Basic Information
Abstract Number: 1780-1    
Author Name: Keqi Tang Affiliation: Pacific Northwest National Laboratory
Session Title: Achievements and Challenges in Mass Spectrometry
Event Type: Symposia
Event Title: Advancing ESI-MS Interface Technologies for High Sensitivity Proteomics
Presider(s): Thurman, Michael Start Time: 08:05 AM ( Slot # 2 )

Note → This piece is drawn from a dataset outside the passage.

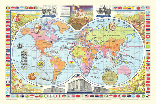Entrez dans le monde vibrant de la cartographie du milieu du siècle avec la captivante "Café, Thé, Vanille & Épices / Carte Picturale du Monde," créée par McCormick & Company en 1957. Cette carte remarquable est plus qu'une simple représentation de la géographie mondiale ; c'est une célébration du passé légendaire du commerce des épices et du rôle essentiel de McCormick dans la formation de l'industrie moderne des saveurs.

Date: Thursday, March 17th, 2011 Location: 310B
Keywords: Electrospray, Instrumentation, Liquid Chromatography/Mass Spectroscopy, Mass Spectrometry

Co-Authors
NameAffiliation
Kelly, Ryan TPacific Northwest National Laboratory
Marginean, IoanPacific Northwest National Laboratory
Smith, Richard DPacific Northwest National Laboratory

Abstract Content
Achieving high sensitivity in electrospray ionization mass spectrometry (ESI-MS) is critical to the effective analysis of complex biological sample. The sensitivity of ESI-MS is largely determined by the gas-phase ion production rate in the ESI source (ionization efficiency) and the ability to transfer analyte ions from ion source to MS detector (ion transmission efficiency). The most ion loss in the conventional ESI-MS instrument is in the interface region. The ion transmission through this interface is essentially limited by the small sampling inlet (typically 400 to 500 um in diameter as required to maintain a good vacuum pressure in MS analyzer chamber) resulting in a <1% overall ion transmission efficiency or ~99% ion loss in the interface region. This low interface ion transmission efficiency can be significantly improved by using the new interface technologies including ESI emitter array, multicapillary inlet, electrodynamic ion funnel and subambient pressure ESI source. Some of the new interface technologies have been successfully implemented on the commercial MS products while others are still evolving. This presentation will start with a brief discussion of the ion funnel operation principle and its unique features to allow effective ion focusing and transmission in the ESI-MS interface region followed by a detailed description of the critical components in the new ESI-MS interfaces. The discussion will then be switched to our recent experimental evaluation of the new ESI-MS interfaces on several MS platforms to achieve high sensitivity in proteomic sample analysis with focus on the significantly improved limit of quantitation on a triple quadrupole MS.